[Opening DATA SUPPLIED section]

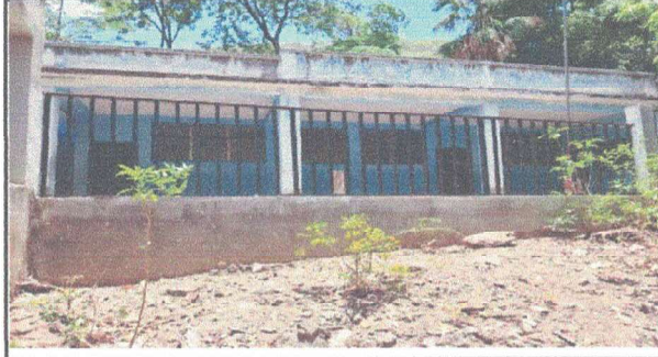
MEJORAMIENTO DE MURO PERIMETRAL DE BLOCK Y MEJORAMIENTO DE MALLA GALVANIZADA
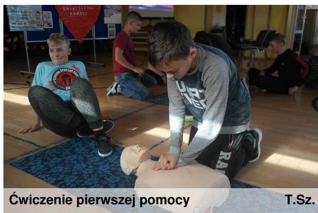
Ćwiczenie pierwszej pomocy
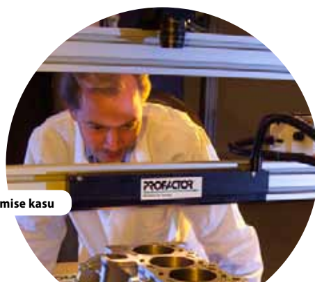
Profactori projekt näitas ELi-poolse rahastamise kasu

” Saksamaa pikaajaline programmide järelevalve kogemus annab kindla aluse praegu jälgitavatele järjest ulatuslikumatele näitajatele. ”
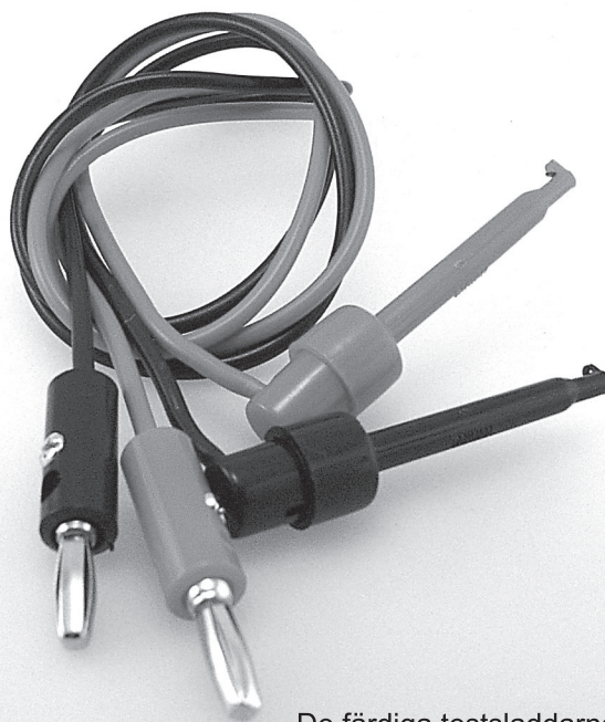
De färdiga testsladdarna
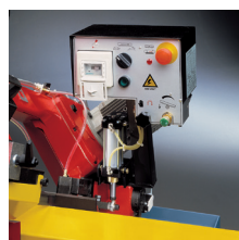
» Bajada controlada
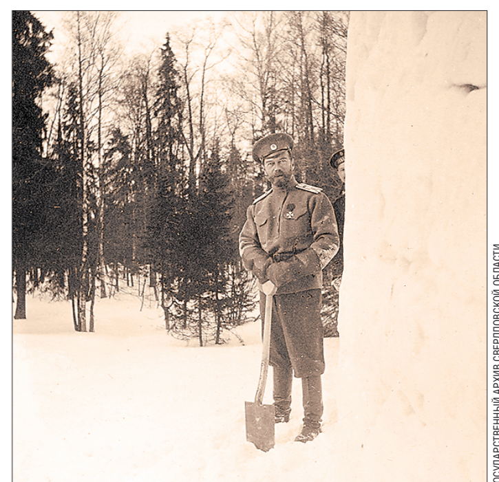
Император Николай II не гнушался простого физического труда. Любил пилить и колоть дрова, а на этом снимке запечатлён во время строительства снежной крепости

[Closing DATA SUPPLIED section]

An exact reproduction of the data above is required, with every picture removed.

SOLUTION TO THIS PROBLEM:
MEJORAMIENTO DE MURO PERIMETRAL DE BLOCK Y MEJORAMIENTO DE MALLA GALVANIZADA
Ćwiczenie pierwszej pomocy
Profactori projekt näitas ELi-poolse rahastamise kasu

” Saksamaa pikaajaline programmide järelevalve kogemus annab kindla aluse praegu jälgitavatele järjest ulatuslikumatele näitajatele. ”
De färdiga testsladdarna
» Bajada controlada
Император Николай II не гнушался простого физического труда. Любил пилить и колоть дрова, а на этом снимке запечатлён во время строительства снежной крепости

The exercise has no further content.